(Extracted data entries)
......

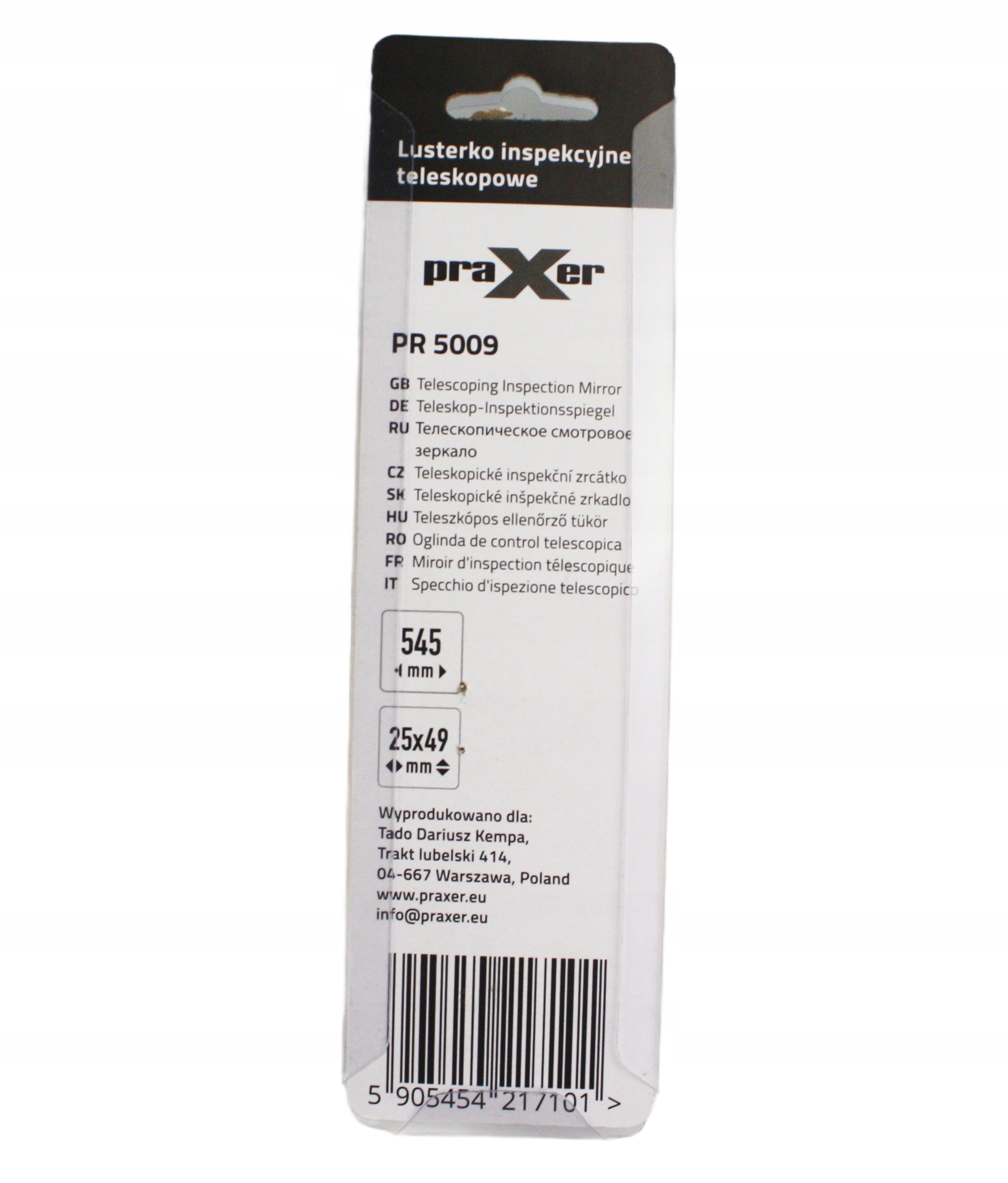 Просматривая «Дзеркало інспекційне телескопічне прямокутне овальне 25x49 мм, 545 мм PRAXER», вы можете быть уверены, что данный товар из каталога «Инспекционные зеркала» будет доставлен из Польши и проверен на целостность. В цене товара, указанной на сайте, учтена доставка из Польши. Внимание!!! Товары для Евросоюза, согласно законодательству стран Евросоюза, могут отличаться упаковкой или наполнением.
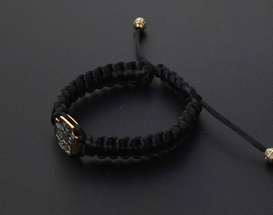 Вставки на браслете выполнены из серебра 925 пробы с позолотой. Браслет имеет достаточно широкий диаметр. Он не расстегивается, размер регулируется путем стягивания концов.
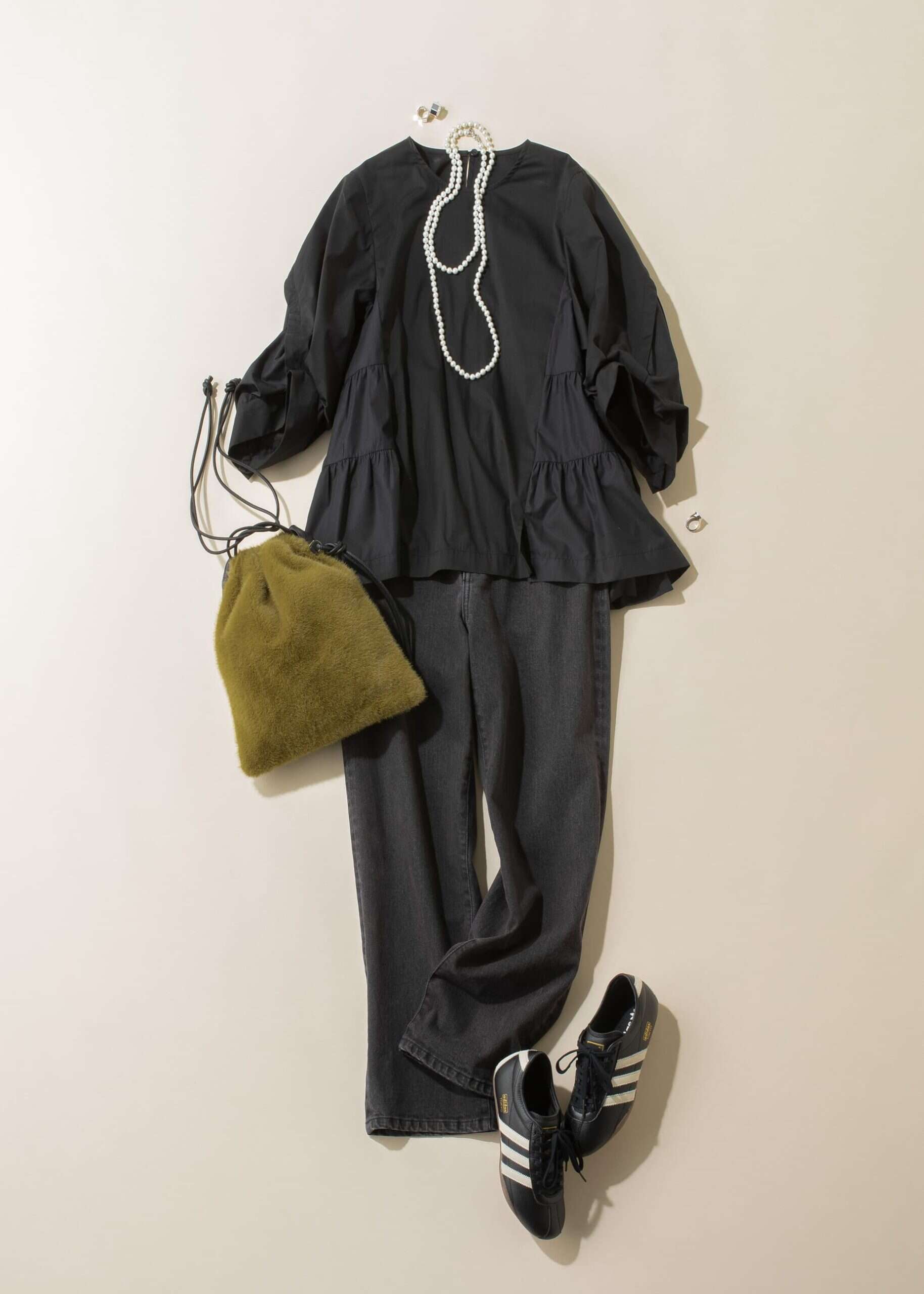 甘めデザインの黒ブラウスを、白ラインが効いた黒スニーカーでほどよく引き締めたワントーン。薄底のすっきりラインが大人の上品さを保ちつつ、アディダスのスポーティさで抜け感がプラス。親しみやすく、でもちゃんと今っぽいシンプル黒コーデの最適解です。
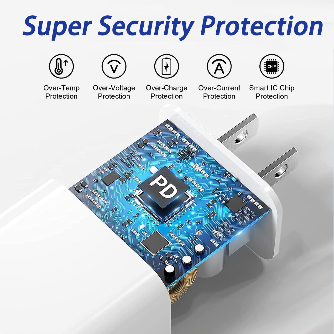 Q: What safety features does the iPad Fast Charger have?A: The iPad Fast Charger is equipped with a built-in multi-charging protection system that safeguards your devices from over-current, over-voltage, overheating, and short-circuiting. It is ETL, FCC, CE, and ROHS certified for safety.
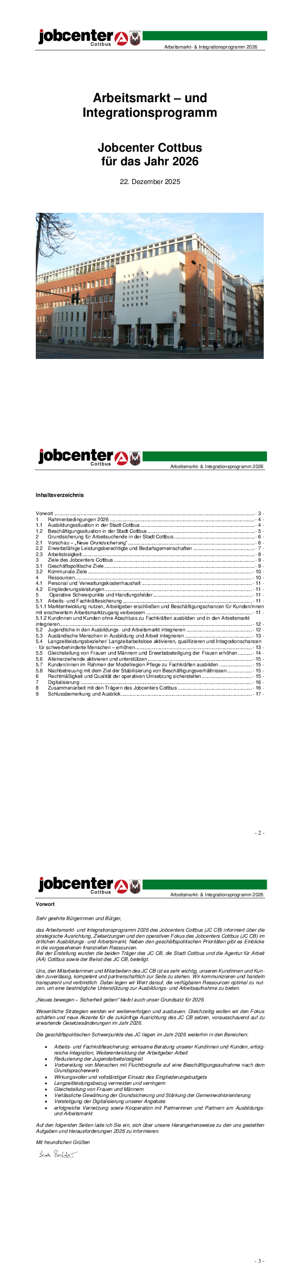 Arbeitsmarkt- und Integrationsprogramm Jobcenter Cottbus für das Jahr 2026

......

▶ **WHAT THIS TASK INVOLVES**: Beginning with the line that holds "甘めデザインの黒ブラウスを、" and continuing to the end of the entries above, set down each line exactly, both ends included; include no pictures.

▶ **RESPONSE FOR THIS EXERCISE**:
 甘めデザインの黒ブラウスを、白ラインが効いた黒スニーカーでほどよく引き締めたワントーン。薄底のすっきりラインが大人の上品さを保ちつつ、アディダスのスポーティさで抜け感がプラス。親しみやすく、でもちゃんと今っぽいシンプル黒コーデの最適解です。
 Q: What safety features does the iPad Fast Charger have?A: The iPad Fast Charger is equipped with a built-in multi-charging protection system that safeguards your devices from over-current, over-voltage, overheating, and short-circuiting. It is ETL, FCC, CE, and ROHS certified for safety.
 Arbeitsmarkt- und Integrationsprogramm Jobcenter Cottbus für das Jahr 2026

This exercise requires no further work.